«Cada ano de atraso na intervenção torna o problema mais dispendioso, mais difícil e praticamente impossível de resolver», alertou Hélia Marchante, professora da Escola Superior de Agricultura da Universidade Politécnica de Coimbra e especialista em plantas invasoras, num comunicado de imprensa enviado à agência noticiosa Lusa.
Planta identificada
Segundo a professora e investigadora, um estudo realizado em 2025 sobre a distribuição de plantas invasoras em Portugal continental identificou a planta, cujo nome científico é «Cortaderia selloana», em 208 municípios — «mas é possível que esteja em mais» — colocando-a entre as dez plantas invasoras com maior distribuição no país.
«Não estamos perante uma ameaça futura. A invasão já está em curso. E está a avançar rapidamente. O problema não é a falta de conhecimento. É a falta de ação na escala necessária. Portugal sabe há anos que a Cortaderia selloana é uma espécie invasora», sublinhou.

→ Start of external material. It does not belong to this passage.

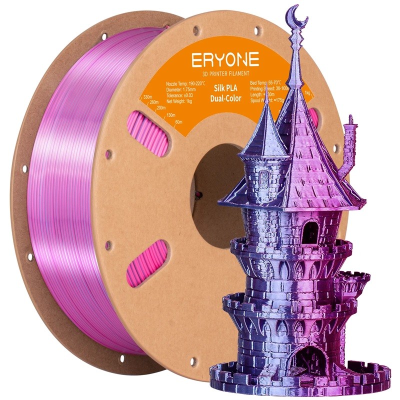 Filamentul dublu din mătase în combinație de roz și violet aduce un efect de culoare delicat, dar pronunțat, care conferă modelelor imprimate un aspect impresionant și elegant. Tranziția lină între nuanțele deschise și cele mai închise creează o impresie atrăgătoare de adâncime, care se evidențiază în special pe formele conturate, curbe sau decorative. Structura de suprafață mătăsoasă oferă un luciu puternic, care uniformizează suprafața și ajută în același timp la ascunderea straturilor, astfel încât imprimările rezultate să aibă un aspect profesional fără a necesita modificări suplimentare. Materialul PLA, a cărui denumire este în română o abreviere folosită frecvent pentru polilactid, este ușor de imprimat, stabil și potrivit pentru sarcini de imprimare detaliate sau extinse. Diametrul de 1,75 mm și toleranța ± 0,03 mm susțin un flux consistent de material și o calitate uniformă a imprimării.

A planta em questão é conhecida pelas suas plumas vistosas e é frequentemente vista nas bermas das estradas, em zonas costeiras e nas margens dos rios, mas também em propriedades privadas — «plantada em jardins e colocada em vasos» — ou em parques e espaços públicos pertencentes a câmaras municipais, juntas de freguesia e outras entidades.
Legislação portuguesa
De acordo com a nota, um decreto-lei de 2019 (com sete anos) estabeleceu o regime nacional de prevenção e gestão de espécies exóticas invasoras, incluindo «expressamente a Cortaderia selloana na Lista Nacional de Espécies Invasoras».
«A legislação proíbe, entre outras coisas, a sua posse, cultivo, comércio, transporte e utilização como planta ornamental e determina a adoção de medidas de gestão adequadas. Mais importante ainda, a própria legislação estabelece uma lógica inequívoca: prevenir, detetar precocemente e agir rapidamente», sublinhou Hélia Marchante.

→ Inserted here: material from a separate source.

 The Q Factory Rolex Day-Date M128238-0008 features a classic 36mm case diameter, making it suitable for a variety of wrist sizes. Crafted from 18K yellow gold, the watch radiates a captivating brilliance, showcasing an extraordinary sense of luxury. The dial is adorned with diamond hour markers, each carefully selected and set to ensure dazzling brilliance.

Citando vários artigos desta legislação, a cientista e responsável pelo projeto «LIFE COOP Cortaderia» na Escola Superior de Agricultura de Coimbra — que envolve instituições de Portugal, Espanha e França na luta contra esta espécie invasora — afirmou que está previsto um sistema de vigilância, bem como a comunicação imediata de novos casos, e que as plantas invasoras em território nacional «devem ser objeto de planos de ação para o controlo, contenção ou erradicação, com prioridades definidas de acordo com a gravidade da ameaça e a dificuldade de intervenção».
O Instituto da Conservação da Natureza e das Florestas (ICNF) tem o plano de ação para o controlo da Cortaderia praticamente pronto, mas a sua publicação e, mais importante ainda, a sua implementação, teimam em não acontecer», acusou Hélia Marchante. «A ciência diz para agir cedo. A legislação diz para agir. A experiência internacional mostra que esperar só piora tudo. Então, por que continuamos a assistir à expansão da Cortaderia? (…) Cada planta a que se permite produzir sementes é uma fábrica de novas invasões.»
Problema de saúde ambiental
Outros estudos alertam que a espécie pode representar um problema de saúde ambiental, podendo afetar a saúde humana, dada a natureza alergénica do seu pólen.
Por outro lado, devido à sua floração tardia, uma espécie exótica como a Cortaderia, originária da América do Sul, poderia criar, especialmente nas regiões mediterrânicas, uma segunda época de exposição ao pólen no outono, «com implicações para a saúde pública».
Para além das entidades públicas, às quais solicitam uma intervenção coordenada — desde a administração central aos municípios ou gestores de áreas protegidas, entre outros —, os investigadores da Universidade Agrária de Coimbra reconhecem o «papel fundamental» dos cidadãos no reconhecimento da espécie e na prevenção da sua utilização e disseminação, «controlando-a nos seus jardins e terrenos e comunicando novas ocorrências».
«E é necessária uma mudança de paradigma: não podemos continuar a intervir apenas onde e quando a infestação já domina. Temos de procurar e eliminar novos focos antes que se tornem surtos de grande dimensão», argumentou a instituição.